Göttingen. Die Medizinische Fakultät der Georg-August-Universität Göttingen, Universitätsmedizin Göttingen (UMG), verleiht die Ehrendoktorwürde („Dr. med. h. c.“/Doctor Medicinae Honoris Causa) an Dr. Leon Weintraub als besondere Anerkennung für seine unerschütterliche Haltung gegenüber Leid und Ungerechtigkeit, für sein medizinisches Wirken und sein lebenslanges Engagement für Toleranz und Menschenrechte. Die Öffentlichkeit ist zu der Veranstaltung herzlich eingeladen.
Dr. Leon Weintraub erzählt über Geschehnisse des Holocausts
Dr. Weintraub studierte nach dem 2. Weltkrieg Humanmedizin an der Medizinischen Fakultät in Göttingen – begann sein Studium vor genau 80 Jahren – und blieb seiner Studienstadt stets verbunden.

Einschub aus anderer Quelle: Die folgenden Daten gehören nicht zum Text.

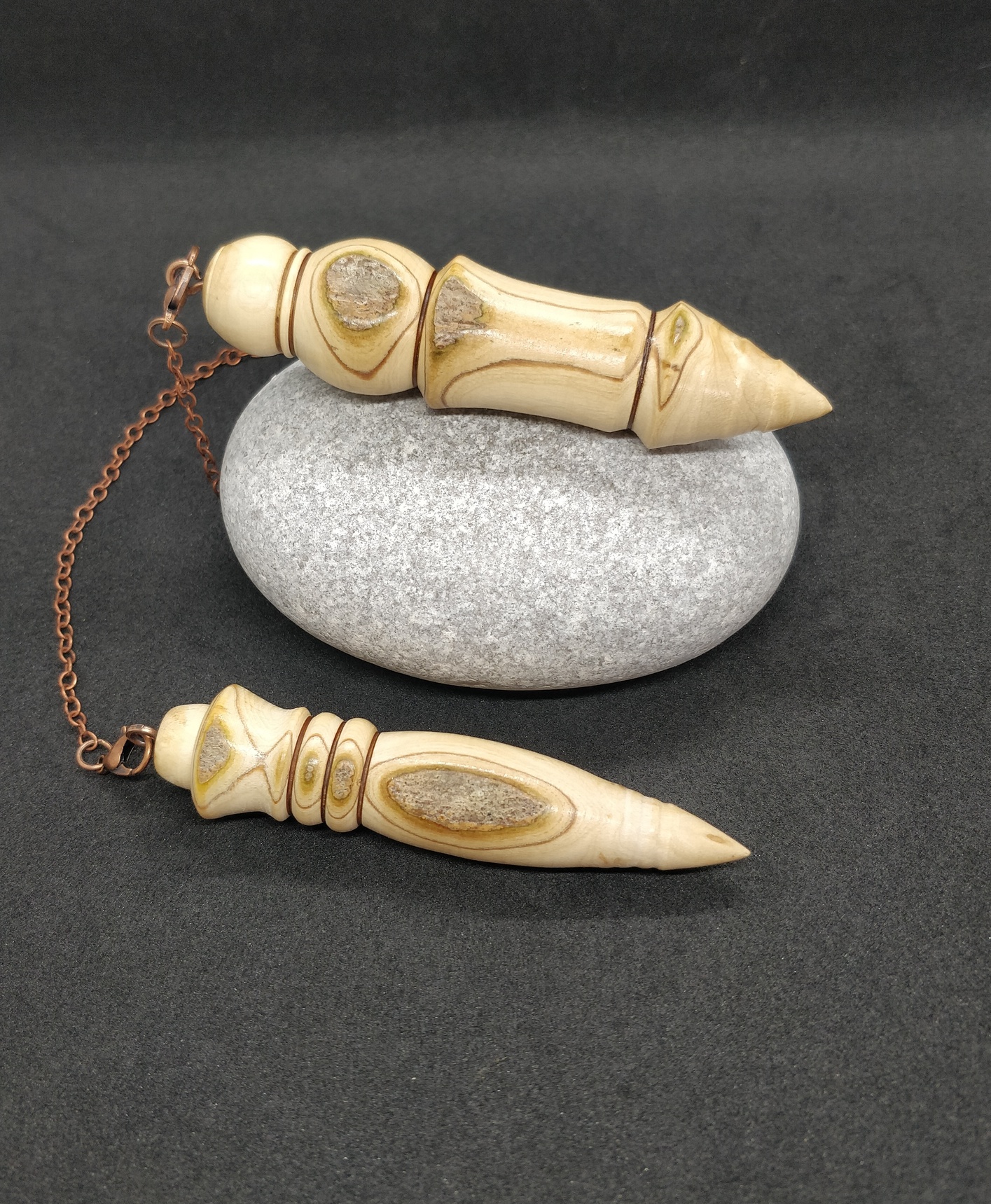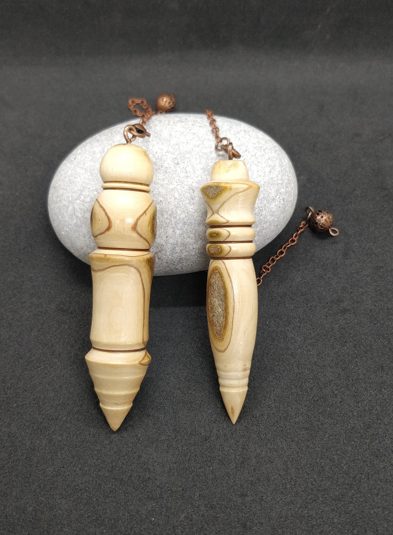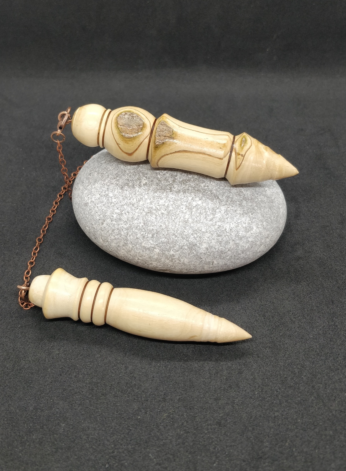 Voici 2 très jolis pendules de radiesthésie en Bois d’Olivier de Charente-Maritime. C’est un binôme, vendus ensemble !
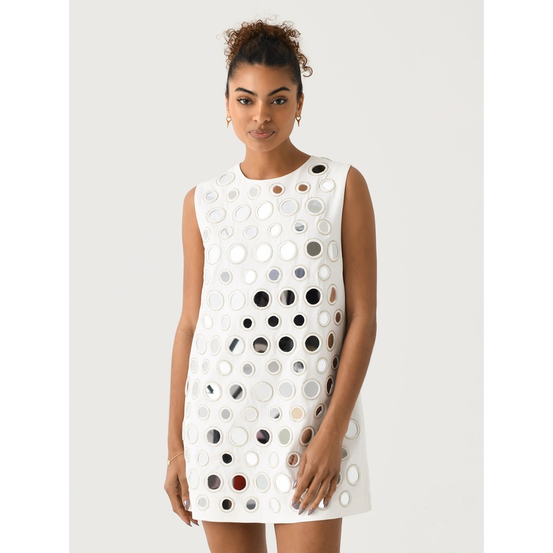 DESCRIPTION:A flattering A-line mini dress with a shift silhouette adorned with reflective mirror-style embellishments.FEATURES:Round NecklineBack Zip ClosureSleevelessMirror EmbellishmentsMini LengthA-Line Silhouette100% PolyesterClassic FitModel is weari
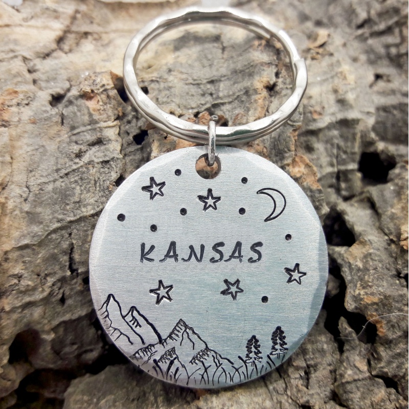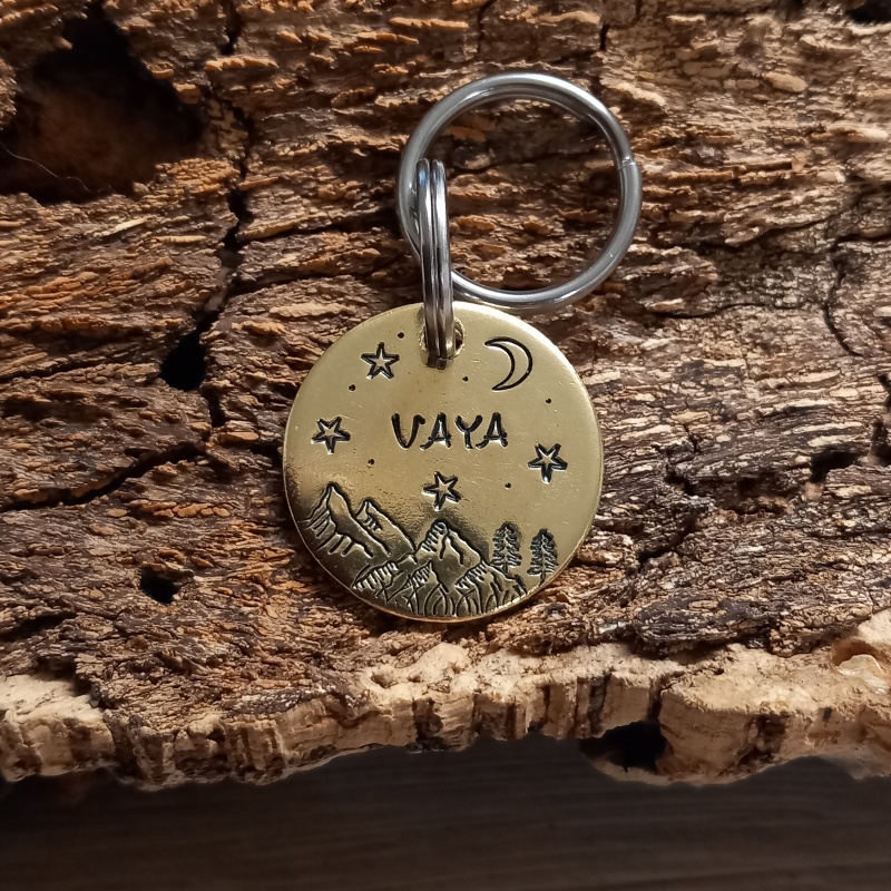 Un beau décor montagneux pour cette médaille d'identité personnalisée pour chien ou chat “ Kansas”, elle est idéale pour garder votre compagnon en sécurité au quotidien. Gravée à la main avec le nom de votre chien et votre numéro, cette médaille pour chien allie simplicité, légèreté et style.
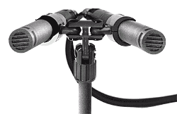In the mid-position (shown at left) the microphones are oriented perpendicular to the microphone stand. The angle of inclination is +90° to -90° from the mid position.
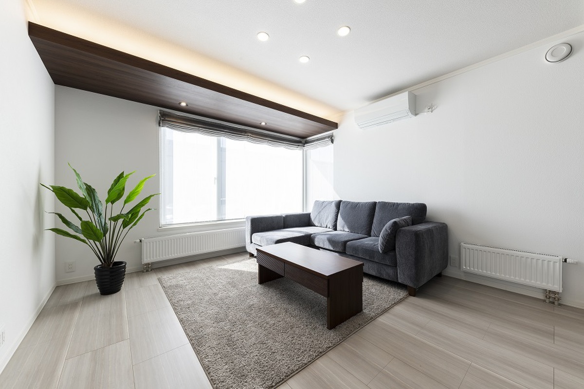 【リビング】L型開口の窓からたくさんの光を取り込む明るいリビング
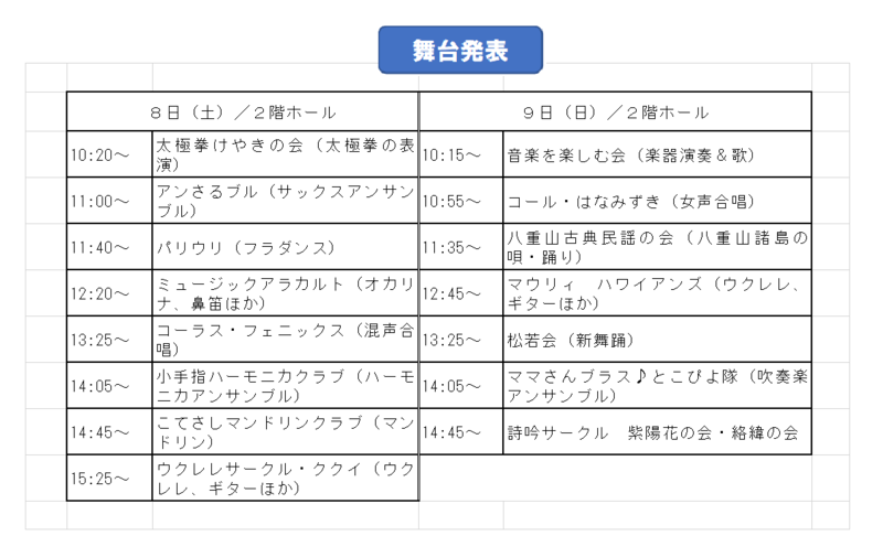 舞台発表(2階ホール)≪舞台発表プログラム≫
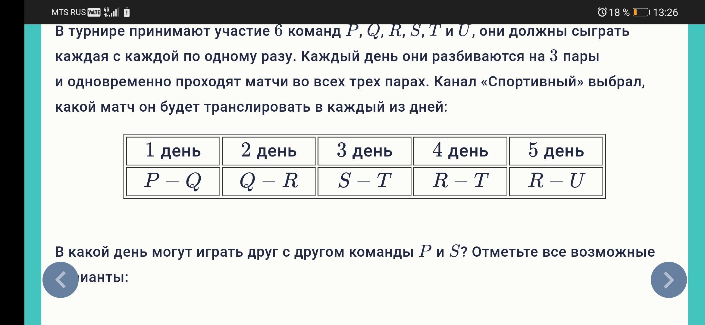 В какой день могут играть друг с другом команды P и S? Отметьте все возможные варианты:
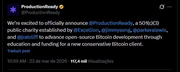 “Estamos empolgados em anunciar oficialmente a @ProductionReady, uma organização beneficente pública 501(c)(3) criada por @Excellion, @jimmysong, @parkeralewis e @jratcliff para avançar o desenvolvimento open source do Bitcoin por meio de educação e do financiamento de um novo cliente de Bitcoin com perfil conservador.”

Der 100-Jährige ist Überlebender des Vernichtungslagers Auschwitz-Birkenau sowie weiterer Konzentrationslager. Er hält seit mehr als 30 Jahren Vorträge in Deutschland und Polen und berichtet als Zeitzeuge über die Geschehnisse des Holocausts.
Laudator ist Prof. Dr. Sascha Feuchert, Germanist und Leiter der Arbeitsstelle Holocaustliteratur sowie Geschäftsführender Direktor des Instituts für Germanistik der Justus-Liebig-Universität Gießen.

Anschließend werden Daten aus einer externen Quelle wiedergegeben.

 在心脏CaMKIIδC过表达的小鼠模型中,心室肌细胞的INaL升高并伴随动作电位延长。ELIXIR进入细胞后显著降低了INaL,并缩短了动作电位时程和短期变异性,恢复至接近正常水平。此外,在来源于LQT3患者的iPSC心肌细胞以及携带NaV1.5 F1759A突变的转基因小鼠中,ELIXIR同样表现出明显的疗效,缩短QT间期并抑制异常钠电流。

Überlebender des Holocaustes und des Vernichtungslager Auschwitz-Birkenau
Dr. Leon Weintraub, geboren am 1. Januar 1926 im jüdischen Armenviertel in Łódź, Polen, ist Überlebender des Holocausts und des Vernichtungslagers Auschwitz-Birkenau sowie weiterer Konzentrationslager. Nach Ende des 2. Weltkrieges begann er 1946 sein Studium der Humanmedizin in Göttingen und kehrte 1950 nach Warschau, Polen, zurück.
Im Jahr 1953 legte er seine Abschlussprüfung in Medizin ab und arbeitete ab 1954 als Assistenzarzt an der ersten Klinik für Frauenkrankheiten und Geburtshilfe der Medizinischen Akademie Warschau (heute: Medizinische Universität Warschau). 1956 folgte eine Festanstellung an der Klinik. Er promovierte 1966 und übernahm im selben Jahr als Oberarzt die Abteilung für Gynäkologie und Geburtshilfe im Stefan-Batory-Kreiskrankenhaus in Otwock bei Warschau.

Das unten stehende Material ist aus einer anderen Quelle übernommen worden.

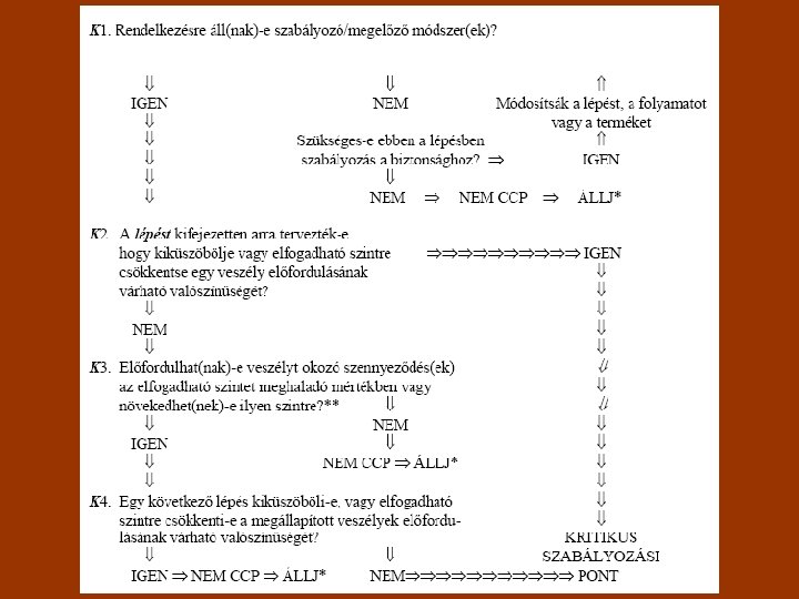 A HACCP 7 alapelve (lépései) 1. 2. 3. 4. 5. 6. 7. A veszélyek (hazards) azonosítása, rangsorolásuk, Kritikus irányítási/szabályozási/felügyeleti pontok (critical control points, CCPs) kiválasztása, ahol a feltételezett (azonosított) veszély megelőzhető, kizárható vagy elfogadható szintre csökkenthető. Azoknak a kritériumoknak az előírása (tehát azon határértékeknek, tűréshatároknak a meghatározása), amelyek a megfelelőt elválasztják a nem megfelelőtől, A kritikus pontok felügyeletére (monitoring) alkalmas módszerek kiválasztása és alkalmazása. Azon helyesbítő intézkedések, tevékenységek meghatározása, amelyeket akkor kell alkalmazni, ha monitoring szerint a CCP „nincs rendben”. Annak az ellenőrzése és bizonyítása (igazolása, verifikálása), hogy a preventív rendszer megfelelően működik (végtermék-vizsgálat) Dokumentálás (a HACCP rendszer működtetését mutató feljegyzések, nyilvántartások).
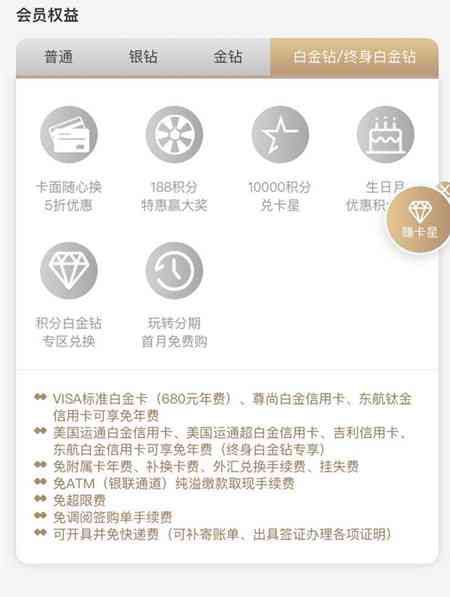 名下个人账户中任意一张未销户卡片持续有效满5年且持续保持白金钻等级可参与评定终身白金钻等级!
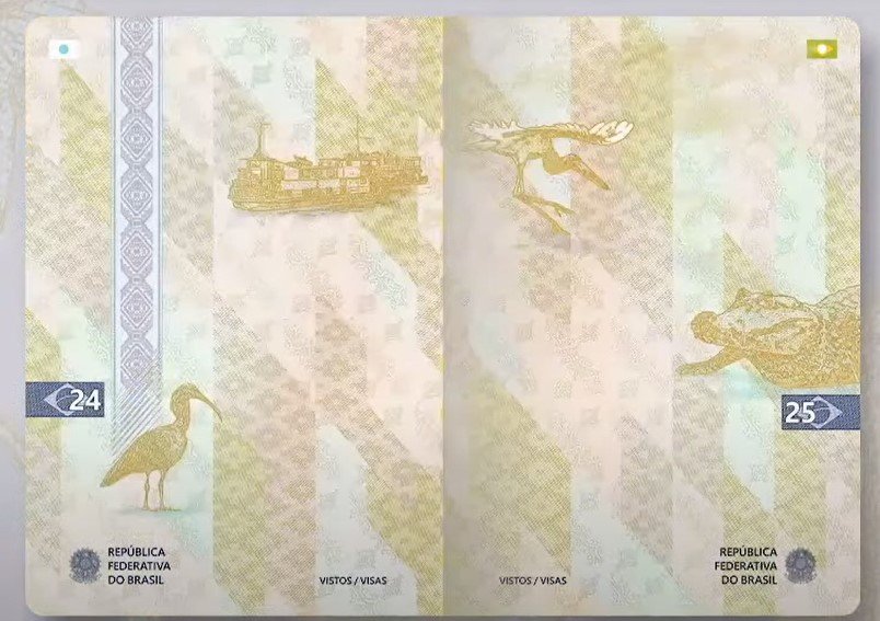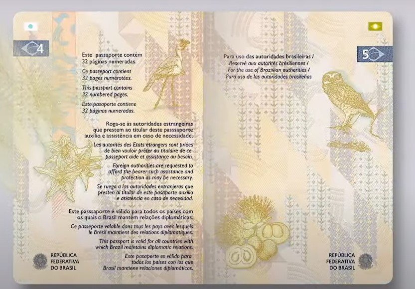 Na capa, a novidade é a estilização da bandeira do Brasil, apresentada em relevo seco timbrado na lateral direita do documento. Nas páginas numeradas do novo passaporte há um aumento do números de marcas d’água, que passou de uma para 13 ilustrações diferentes, que representam a flora e a fauna dos principais biomas do país.
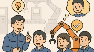 事例紹介 自動化と心理的安全性の関係を現場視点で考える 製造現場での自動化と心理的安全性の関係を初心者向けに解説。導入前の現場巻き込み、失敗許容の文化醸成、役割再定義、データ共有など具体策を事例で紹介。品質安定やトラブル未然防止、改善提案促進のコツまで、安心感と生産性向上のポイントを網羅。 2025.04.17 事例紹介
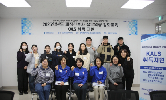 | 경북보건대학교(총장 이은직)는 지난 2월 11일, 경상북도 소재 종합병원 재직간호사를 대상으로 한 ‘2025학년도 재직간호사 실무역량 강화교육 – KALS 취득지원 프로그램’을 교내 간호교육지원센터에서 성공적으로 운영했다고 12일 밝혔다.
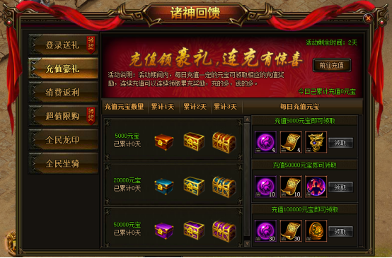 活动说明:活动期间内,每日充值一定元宝可领取充值奖励,连续充值可领取累充奖励,充得多,送得多。

Weintraubs Vorträge an Schulen und Gedenkstätten
Aufgrund des wachsenden Antisemitismus und der März-Unruhen 1968 in Polen verlor er im Februar 1969 seine Oberarztstelle und emigrierte nach Schweden. Dort war er in verschiedenen Kliniken tätig, bis er 1991 in Ruhestand trat. Bis heute lebt er mit seiner zweiten Frau Evamaria Loose-Weintraub in Stockholm. Als Zeitzeuge setzt er sich seit Anfang der 1990er Jahre mit Vorträgen in Schulen und Gedenkstätten für die Erinnerung an den Holocaust ein.
Die Ehrendoktorwürde für besondere Verdienste
Mit der Verleihung der Ehrendoktorwürde werden Persönlichkeiten geehrt, die sich durch besondere Verdienste um Wissenschaft, Technik, Forschungsförderung, Politik und Kultur im Kontext der Hochschulmedizin richtungsweisend hervorgetan haben und der Universitätsmedizin Göttingen und ihrer Medizinischen Fakultät besonders verbunden sind. Die Ehrendoktorwürde der Medizinischen Fakultät wurde zuletzt 2022 an Dipl.-Kfm., Dipl.-Pol. Heinz Rüdiger Strehl, von 2009 bis 2021 Vorsitzender des Stiftungsausschusses Universitätsmedizin Göttingen, verliehen.